What the exercise asks:
Below this line are records; write out exactly the lines from the one containing "Там заявляют, что" through the one containing "Le bâtonnet Moelleux", with the pictures left out.

Information shown:
--

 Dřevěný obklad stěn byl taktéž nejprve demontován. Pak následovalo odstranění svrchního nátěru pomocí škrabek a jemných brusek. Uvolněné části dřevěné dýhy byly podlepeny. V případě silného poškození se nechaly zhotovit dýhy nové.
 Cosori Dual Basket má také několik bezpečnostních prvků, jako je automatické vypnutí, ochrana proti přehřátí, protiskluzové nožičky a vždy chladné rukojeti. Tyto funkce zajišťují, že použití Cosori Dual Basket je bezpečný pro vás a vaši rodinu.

--

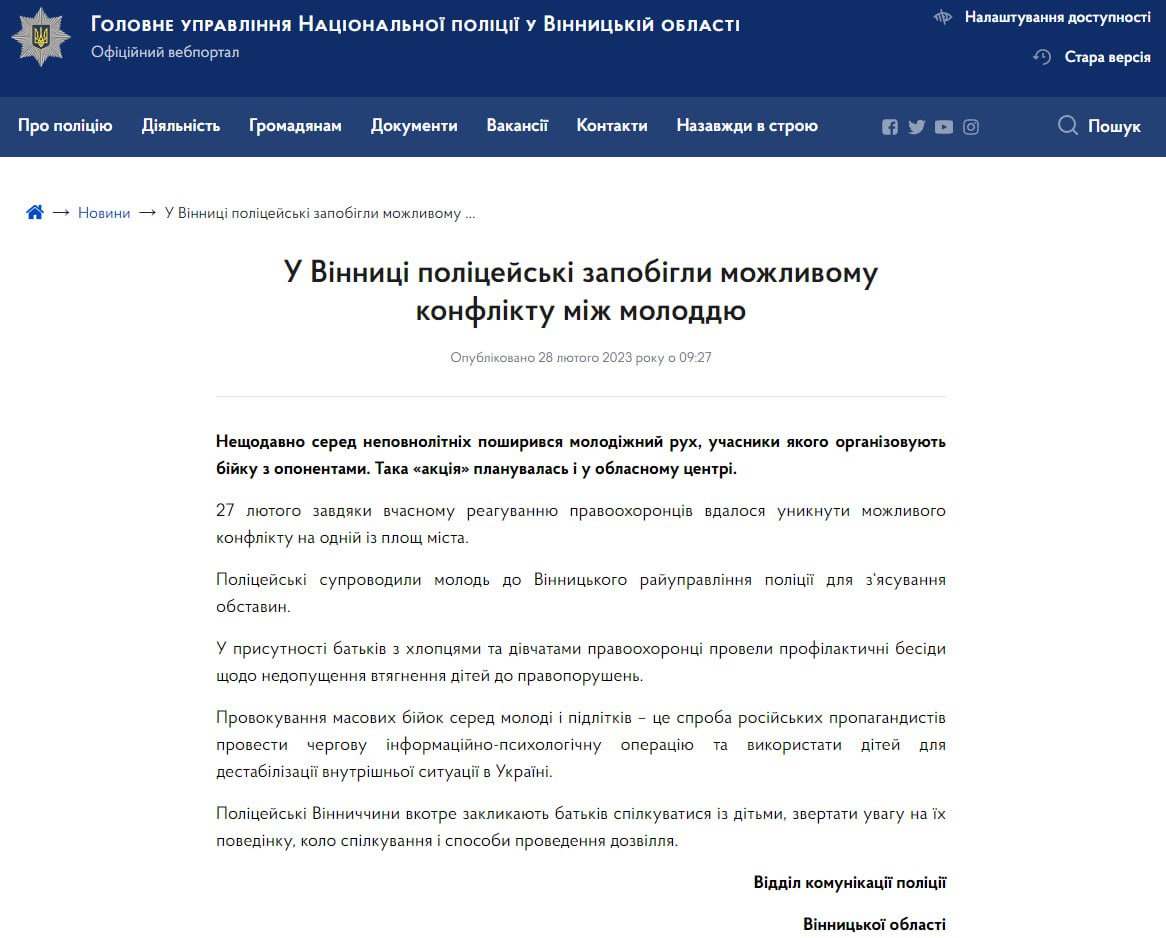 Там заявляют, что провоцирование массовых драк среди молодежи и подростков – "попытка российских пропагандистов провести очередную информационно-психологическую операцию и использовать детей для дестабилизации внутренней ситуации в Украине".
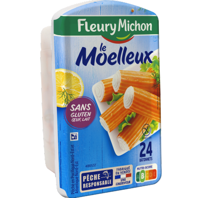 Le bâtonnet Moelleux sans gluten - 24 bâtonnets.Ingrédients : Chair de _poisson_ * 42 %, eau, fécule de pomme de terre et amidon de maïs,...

--

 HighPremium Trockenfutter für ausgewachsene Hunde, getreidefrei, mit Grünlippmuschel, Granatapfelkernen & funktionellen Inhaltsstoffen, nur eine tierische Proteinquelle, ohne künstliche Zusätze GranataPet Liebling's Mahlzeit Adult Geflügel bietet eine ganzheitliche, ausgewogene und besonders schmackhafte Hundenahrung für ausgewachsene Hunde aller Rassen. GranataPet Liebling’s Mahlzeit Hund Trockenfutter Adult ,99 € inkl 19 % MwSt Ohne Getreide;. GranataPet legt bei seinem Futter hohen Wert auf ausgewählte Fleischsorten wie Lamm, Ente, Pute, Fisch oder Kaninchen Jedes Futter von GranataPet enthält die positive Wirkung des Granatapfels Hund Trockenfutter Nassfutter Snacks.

--

Solution to this task:
 Там заявляют, что провоцирование массовых драк среди молодежи и подростков – "попытка российских пропагандистов провести очередную информационно-психологическую операцию и использовать детей для дестабилизации внутренней ситуации в Украине".
 Le bâtonnet Moelleux sans gluten - 24 bâtonnets.Ingrédients : Chair de _poisson_ * 42 %, eau, fécule de pomme de terre et amidon de maïs,...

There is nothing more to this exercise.